Quattro le cose da estrapolare nel racconto di quel mitico pomeriggio romano: il blocco Juventus è arrivato, giocano Combi, Monti, Bertolini, Ferrari e Mumo Orsi è il segno che il campionato è diventato un movimento che fa da fondamento alla nazionale. Il fatto che ci siano altri 6 giocatori divisi tra 3 squadre (Bologna, Inter e Roma) attesta che iniziavano anche a esserci dei rivali, quindi a fare del campionato una base competitiva per dare forza alle partite internazionali.
Quel pomeriggio contro i maestri del possesso palla Schiavio, il centravanti del Bologna che tremare il mondo fa, segna il gol partita e come il portiere Combi chiude la carriera in nazionale, è il passaggio alla nuova generazione che verrà.

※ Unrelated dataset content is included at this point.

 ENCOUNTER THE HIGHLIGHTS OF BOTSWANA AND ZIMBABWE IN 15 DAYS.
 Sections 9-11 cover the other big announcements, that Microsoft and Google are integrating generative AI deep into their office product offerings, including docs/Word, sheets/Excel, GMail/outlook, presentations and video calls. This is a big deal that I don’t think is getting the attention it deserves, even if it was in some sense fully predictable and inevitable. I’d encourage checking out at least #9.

Come accadrà poi nella pallavolo dopo il 1996 dove una nuova stilla di pallavolisti continuerà il cammino verso l’olimpo mondiale, come faranno nel pallone italiano le nazionali di Messico ’70, Argentina e Spagna ’82 e Germania 2006.
Il tutto nel segno del talento. La spada di Re Artù è stata estratta e traccia la via dei successivi confronti con le squadre dell’Est dal dopo guerra ai giorni nostri. Nel segno del talento si giocheranno le sfide all’Ungheria di Puskas e degli altri dioscuri magiari, si affronterà a più riprese la Jugoslavia del calcio a un tocco che sarà sempre una frontiera per la nazionale italiana, nel Dio pallone come nella pallavolo. Gli slavi e l’Est Europa affrontandoci dagli anni ’60 in poi ci porteranno, loro viaggiatori prima raminghi poi sedentari, a punti di svolta tecnici che diverranno fondamenti di future vittorie mondiali di azzurra.

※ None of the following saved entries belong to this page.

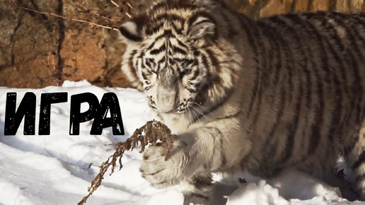 Бенгальская тигрица Дина играет с веточками. Зоопарк Удмуртии
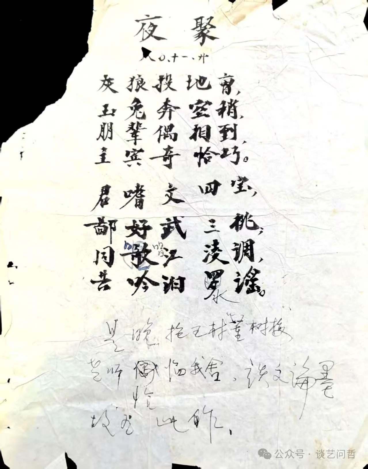 原來,父親是給我們現場出題作文,其意一在鍛煉寫作,二在涵養德性,培育志向。三人現場各有撰作,雖甚粗疏,然獲此庭訓,誠吾輩之幸也!今年寒假,在珠海博雅苑整理父親遺稿,得以檢出1980年父親與鄰村同事董樹梅老師等人的酬唱詩作數則,乃是冬日夜晚到吾村看電影后父親邀來我家的雅集之作。雖不甚工,卻也有趣。至于今日,我依然覺得在貧寒鄉村能有如此文雅之舉,是父親具有高邁文化品格的生動體現,也是“文在鄉野”的有力明證,我要向先君致以崇高敬意!
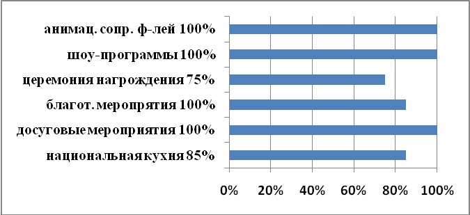 Наиболее понравившееся мероприятие, проводимое в рамках национального мероприятия Вашего города? Национальная кухня; Досуговые мероприятия; Благотворительные мероприятия; Церемония награждения; Шоу программы; Анимационное сопровождение фестивалей; другой ответ.
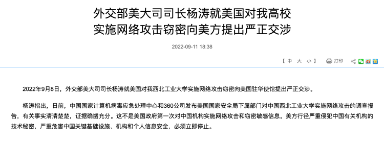 外交部网站9月11日消息,2022年9月8日,外交部美大司司长杨涛就美国对我西北工业大学实施网络攻击窃密向美国驻华使馆提出严正交涉。

Le vedremo nella seconda parte di un racconto che nel narrare la storia di scontri cavallereschi tra noi e gli europei che stanno a Oriente, ha segnato una piccola fetta delle vicende delle nazionali italiane di calcio e pallavolo. Nel grande romanzo del football iridato e del volley mondiale se siamo sette volte campioni del mondo lo dobbiamo anche a quello che ci hanno insegnato slavi, cechi, russi, rumeni, bulgari e altri grandi orientali, affrontandoli.